As relações sociais são marcadas pela questão do gênero, regulando as relações entre homens e mulheres, permeando as relações de poder através das convenções culturais e sociais da sociedade. Historicamente, a sociedade contempla modelos de famílias em que homens e mulheres exercem papéis diferentes. Por vários séculos a mulher foi vista como frágil e incapaz, determinando sua maneira de pensar e de agir. Esta identidade foi elaborada historicamente de acordo com o sistema de dominação vigente (SANTANA, 2010).

Segundo Santos (2009), a valorização da figura feminina no lar vem à tona com o inicio do movimento moderno no país. O crescimento da industrialização aliadas ao desenvolvimento tecnológico deu uma nova dinâmica no espaço doméstico e as mulheres passaram a ser alvo de destaque nos anúncios publicitários da época. Os novos produtos, materiais e eletrodomésticos precisavam ser vendidos e a forma de entrarem no lar foi através das cozinhas.

A mulher entrou no mercado de trabalho por necessidade econômica e de concretização pessoal, em resposta ao impulso pela igualdade difundido pelo movimento de mulheres nos anos 1960 e 1970. A aquisição de direitos políticos e civis foram alvo das reinvindicações dos movimentos feministas, com um ideal de sociedade igualitária (SANTOS, 2009).

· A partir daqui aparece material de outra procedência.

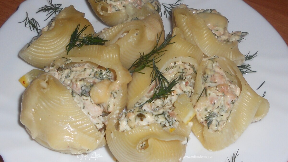 духовку предварительно разогреть. Ракушки начинить творожной массой, уложить в жаропрочную посуду, запекать буквально минут 10. При желании перед запеканием присыпать тертым твердым сыром, а можно каким-нибудь интересным, мягким. Можно вооще залить соусом, лично мне по душе паста без лишней жидкости:)Украсить свежим укропом и лимонной цедрой или кусочками лимона, подавать!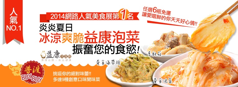 ● 第一名的醬汁搭配起死回生泡菜!!挑逗你的絕對味蕾● 多達9種創意口味開味菜,任選六瓶免運,讓愛嚐鮮的你天天好心情!!● 益康美食館黃金泡菜,特別選用山東大菜葉,獨門「起死回生醃菜法」,讓白菜呈現極佳之脆度✚ 訂單滿6份以上免運,未滿6份以上需自行負擔運費150元。(配送僅限台灣本島,離島訂購請寄信洽詢 謝謝!)✚ 訂單滿12份以上,每瓶88折並免運✚ 訂單滿24份以上,每瓶8折並免運,再送主購禮一瓶(口味任選)* 最後付款期限為前2天,若超過活動時間沒付款,訂單視同失效。* 訂單處理天數約3天。* 為保障彼此權益,出貨順序與贈品皆以完成匯款者優先,未完成匯款前恕不預留到貨日喔!: )* 104年8月9日為最後到貨日,無法展延 請見諒.請主購確認到貨日可配合再進行下單 感謝!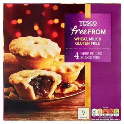 So this sweet syrup is in most of the mince pies I found on sale, except for those in the Tesco Free From range. These have their own foibles including an allergy warning in pink that they may contain peanuts. This means they have been made in a factory that also handles products with nuts in them.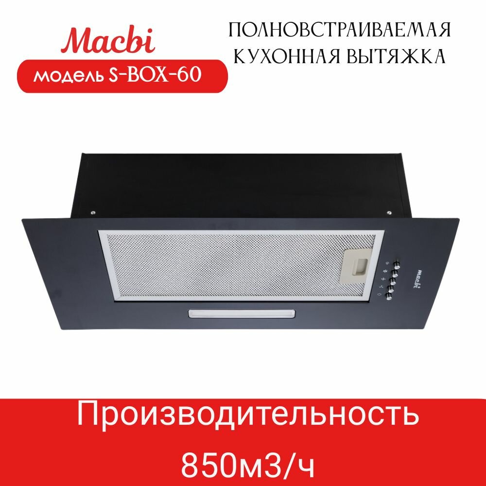 10 цен на Вытяжка кухонная MACBI полновстраиваемая 60см S-BOX-60 BLACK 850 м3/ч Черная

O lugar da mulher na sociedade mudou. Houve a democratização da vida sexual, a diminuição da distância entre os papéis: masculino e feminino, a entrada em massa da mulher no universo do trabalho e tantas outras coisas que revolucionaram a situação tradicional homem/mulher. No século XXI não se vê a extinção das diferenças sexuais, entretanto, depois de séculos de dominação cultural masculina, a mulher vem assumindo, cada vez mais, lugar de destaque (SANTANA, 2010).

A mulher contemporânea trabalha fora, cuida dos filhos, administra a casa e o marido. Seu salário é extremamente importante na renda familiar e ela não mais é vista como frágil e a eterna dona de casa. Como passa a maior parte do tempo no trabalho, ela designa uma empregada doméstica para realizar tarefas como: preparação de alimentos, limpeza da casa, lavagem de roupa e todas as demais atividades em uma residência; ou deixa os filhos na creche e limpa sozinha, ou divide o trabalho doméstico com o marido. Portanto, o ato de cozinhar e realizar todas as tarefas domésticas não é mais exclusivo e voltado somente para a esposa.

Novos formatos familiares geram mudanças no campo da habitação. O aumento no número das separações e a diminuição do tamanho médio da família fizeram com que se processasse uma alteração de papéis, devido, muitas vezes, a ausência do chefe (sendo ele pai ou mãe). Uma das principais alterações é a redistribuição da autoridade familiar. O aumento do número de mães trabalhando fora de casa e contribuindo, em muitas vezes, da mesma forma que o pai para o sustento da família põe em cheque a estrutura familiar nuclear, baseada na tradicional divisão sexual do trabalho (TRAMONTANO, 1998). Para a pesquisa será considerado o modelo tradicional, casal com filhos.

O gênero reforça e determina fatores da vida cotidiana dos sujeitos através da construção de valores, ideologia, práticas e comportamentos. O espaço doméstico se mostra um ambiente de grandes possibilidades, permitindo pensar e criar formas diversas de atuação capaz de influenciar o desenvolvimento de novas práticas e novos hábitos para os homens. Nos dias de hoje não se pode afirmar a existência de “homens donos de casa”, assim como de “mulheres donas da casa”, pois esta denominação não altera e alarga suas imagens e representações acerca do ambiente doméstico como um lugar de homens e mulheres. O comportamento masculino tem demonstrado uma maior flexibilização em suas ideias, posturas e

concepções, movidos por diferentes contextos e atingindo de forma distinta os sujeitos e o espaço.